Dr. Jones would argue that the restrictive covenant only started to be effective on January 1, 1999, and operates to limit Dr. A’s activities for a full two years after leaving Dr. Jones’ employ. After all, the logic behind the restrictive covenant is to protect an employer for a period of time commencing immediately after the cessation of an employment relationship with a particular employee. Clearly, Dr. Jones would not need a restrictive covenant to stop Dr. A from competing with the P.C. while he is still employed by the P.C. If a court agreed with Dr. Jones, it could enjoin Dr. A from working at Dr. Smith, P.C.
Dr. A would argue that the restrictive covenant was triggered on or about January 1, 1997, when the term of his employment agreement expired. The parties’ election not to sign a new agreement, and to continue in the employment in any event, is no reason to change the date the restrictive covenant starts – when the term of the original employment ended, i.e., December 31, 1996. Dr. A would further claim that he obeyed the covenant – he did not compete with Dr. Jones, P.C. for two years after the term of his initial written contract expired – of course not, he continued to work for Dr. Jones. If a court agreed, Dr. A could work for Dr. Smith, P.C., immediately after leaving Dr. Jones on December 31, 1998, without worrying about the restrictive covenant.
Dr. Jones’ argument will likely prevail if the written employment agreement clearly provides that the restrictive covenant is triggered by the ultimate severance of the employment relationship between Dr. A. and Dr. Jones. Dr. A’s argument will likely prevail if the written employment agreement provides that the restrictive covenant applies upon the expiration of the term of the employment agreement. The strongest support for either party’s argument will be the language in the employment agreement.

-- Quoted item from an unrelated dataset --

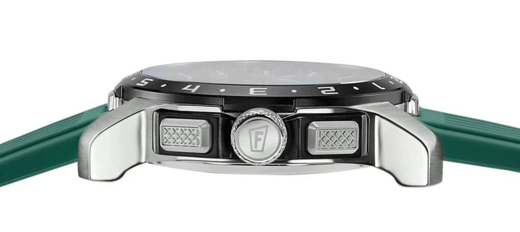 Okrúhle titánové puzdro s priemerom 44 mm zaraďuje model do kategórie väčších hodiniek. Hoci na ciferníku nájdete len málo údajov, v žiadnom prípade mu nechýba prehľadnosť a čitateľnosť. Tú okrem iného zabezpečuje výrazná farba minútovej ručičky aj hodinových indexov.

If the restrictive covenant language does not clearly resolve the issue, a court will consider evidence outside of the language of the written agreement. In another New York appellate case, Thur v. IPCO Corp., the parties extended the employment relationship beyond the expiration of a written employment agreement. There, the New York court indicated that the plaintiff’s (employee’s) actions were important evidence of the parties’ intentions that the restrictive covenant be triggered at the end of the employment relationship instead of at the expiration of the written employment agreement.
It is helpful for parties to an employment agreement to know that a court will consider evidence in addition to the language of the restrictive covenant when determining the point in time at which a restrictive covenant has been triggered. However, parties will be best protected if they: (1) carefully and clearly draft the restrictive covenant in the first instance; (2) seriously consider drafting a new or “extension” agreement when the term of a prior employment agreement expires; and (3) gather and preserve evidence that supports their interpretation of the restrictive covenant. The participation of competent counsel is advisable. If this all sounds confusing to you, try explaining brain surgery to a lawyer.